## Task to carry out
Copy the listing exactly; drop the pictures.

## Collected material
_ _ _ _
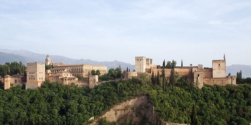 Het Alhambra, dat Rode Paleis betekent, is een middeleeuws paleis en fort van de Moorse heersers van het Koninkrijk Granada in het Zuid-Spaanse Andalusië. De bouw van La Alhambra de Granada begon rond de 9e eeuw na Christus, maar begon pas rond 1350 de vorm van paleis aan te nemen. Met 142,000 vierkante meter is het een enorm complex, dat onder andere voorzien is van verschillende paleiszalen en 13 enorme torens.
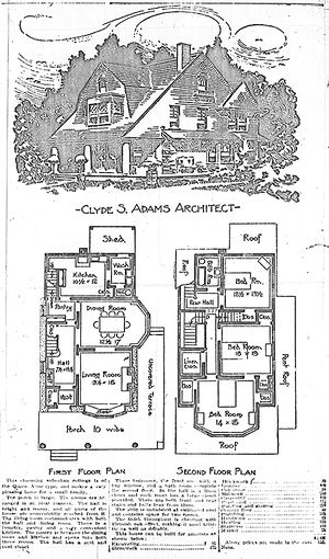 a. In 1907 and 1908, Omaha World-Herald published at least five house designs by "Clyde S. Adams," including each time a perspective sketch, two floor plans, and brief commentary with "itemized cost of construction."[1][5-8] The Omaha (Nebraska) Daily Bee ran "Clyde Smith Adams" designs approximately 3 dozen times between 1919 and 1921, and the (Lincoln) Nebraska State Journal published Adams' house designs at least twice, in 1921 and 1922.[9][10]
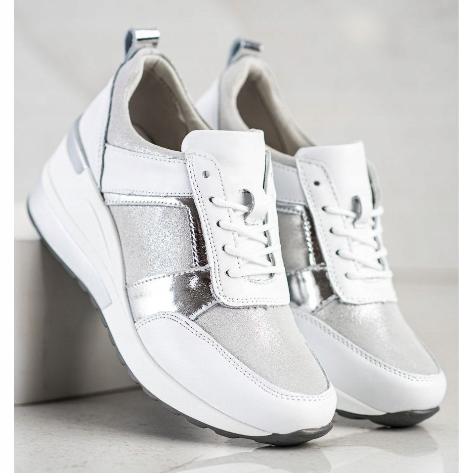 Vinceza Baskets en cuir à paillettes VINCEZA blanche argent
_ _ _ _
## Task output
 Het Alhambra, dat Rode Paleis betekent, is een middeleeuws paleis en fort van de Moorse heersers van het Koninkrijk Granada in het Zuid-Spaanse Andalusië. De bouw van La Alhambra de Granada begon rond de 9e eeuw na Christus, maar begon pas rond 1350 de vorm van paleis aan te nemen. Met 142,000 vierkante meter is het een enorm complex, dat onder andere voorzien is van verschillende paleiszalen en 13 enorme torens.
 a. In 1907 and 1908, Omaha World-Herald published at least five house designs by "Clyde S. Adams," including each time a perspective sketch, two floor plans, and brief commentary with "itemized cost of construction."[1][5-8] The Omaha (Nebraska) Daily Bee ran "Clyde Smith Adams" designs approximately 3 dozen times between 1919 and 1921, and the (Lincoln) Nebraska State Journal published Adams' house designs at least twice, in 1921 and 1922.[9][10]
 Vinceza Baskets en cuir à paillettes VINCEZA blanche argent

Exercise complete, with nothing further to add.